In Star Trek: The Search for Spock, an adult woman must have sex with a mindless teenage Spock to save his life. Voyager takes two bites of the pon farr apple, first with Tuvok undergoing the mortification of explaining his lust to a coworker and then sating it with a hologram simulation of his wife. Then in “Blood Fever,” the psychic fallout of a Vulcan coworker’s pon farr puts non-Vulcan chief engineer B’Elanna Torres into an amnesiac state so sexually aggressive that a senior officer of the bridge crew orders another one of her coworkers to have sex with her and everybody’s like Yeah I guess that’s fine. Enterprise frankly simplifies things by having some space microbes put Vulcan officer T’Pol into an uncontrollable lust just as she starts a one-week quarantine with a coworker who must nobly resist her lusty pleas.

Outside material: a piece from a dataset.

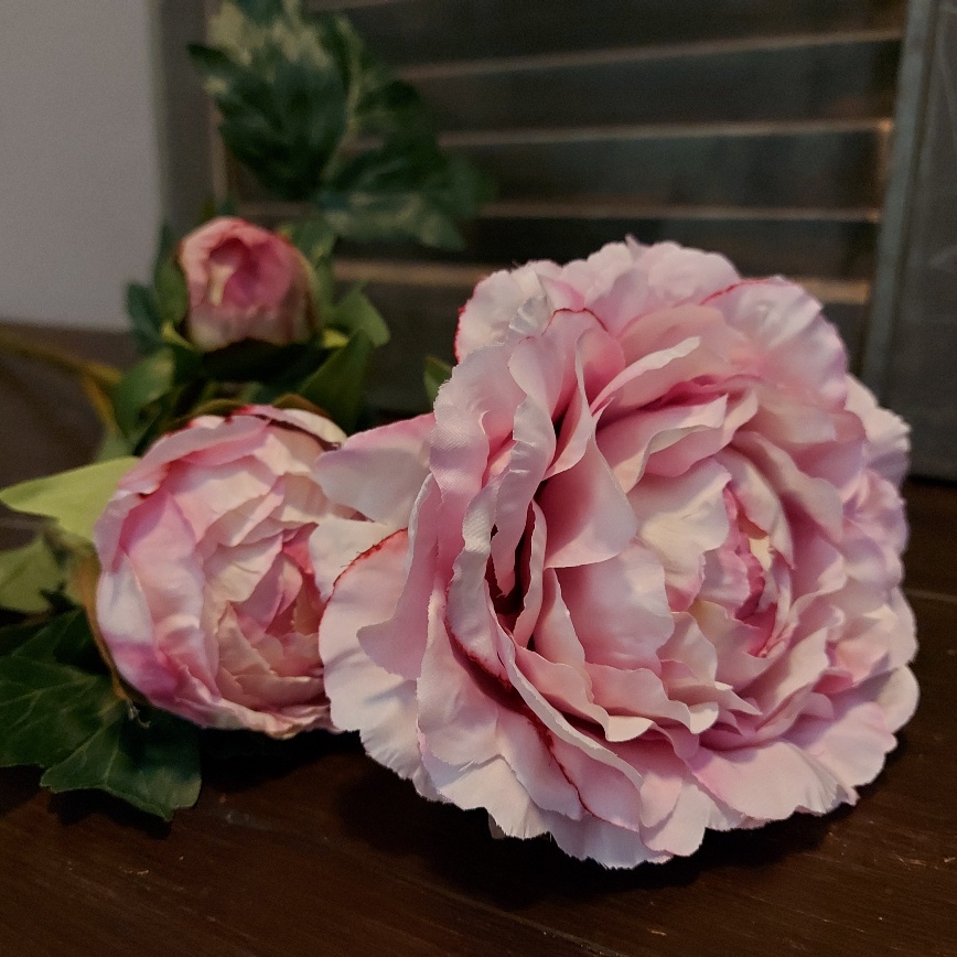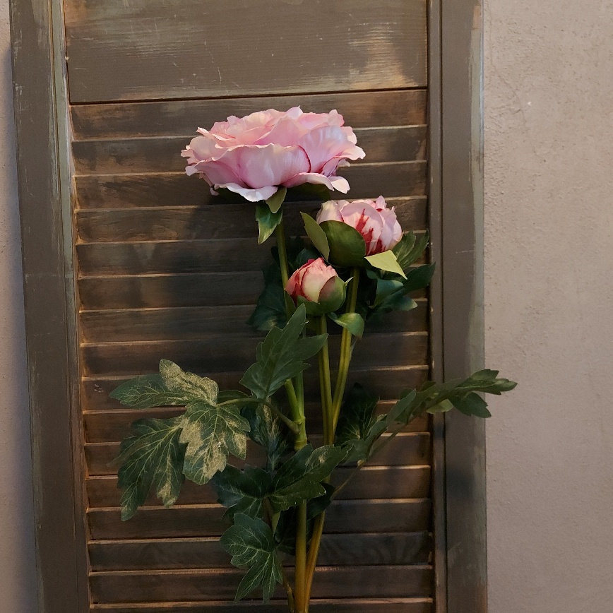 Wat een plaatje is deze schitterende Countryfield Chinese pioenroos zijdenbloem. De tak is voorzien 3 bloemen in verschillende stadia van groei. De zachte roze kleur komt in heel veel kleurnuances terug in de bloemen.

Whether or not it meant to be, “Amok Time” is inarguably among the most influential Star Trek episodes ever made. It was the point at which the Kirk/Spock wing of Star Trek fandom became inevitable, creating a community that coined the term “slash” for fanfiction featuring queer parings and contributing hugely to the history of fanzines and the origins of modern fan convention culture. And it handed the franchise a ready-made template for pure horny plot contrivance.

And it has not been limited to Star Trek culture either. “Amok Time” contains the first appearance of the phrase “Live long and prosper,” and the Vulcan salute, now considered so universal a reference that it’s a damn emoji. The music of its climactic fight has become a universal (satirical) sound cue for one-on-one combat. And it’s widely acknowledged as popularizing scifi erotica tropes that would grow into the internationally popular Omegaverse romance genre and its permutations.

“Amok Time” is the horny episode of Star Trek with the most impact on Trek culture, mainstream culture, and horny culture itself.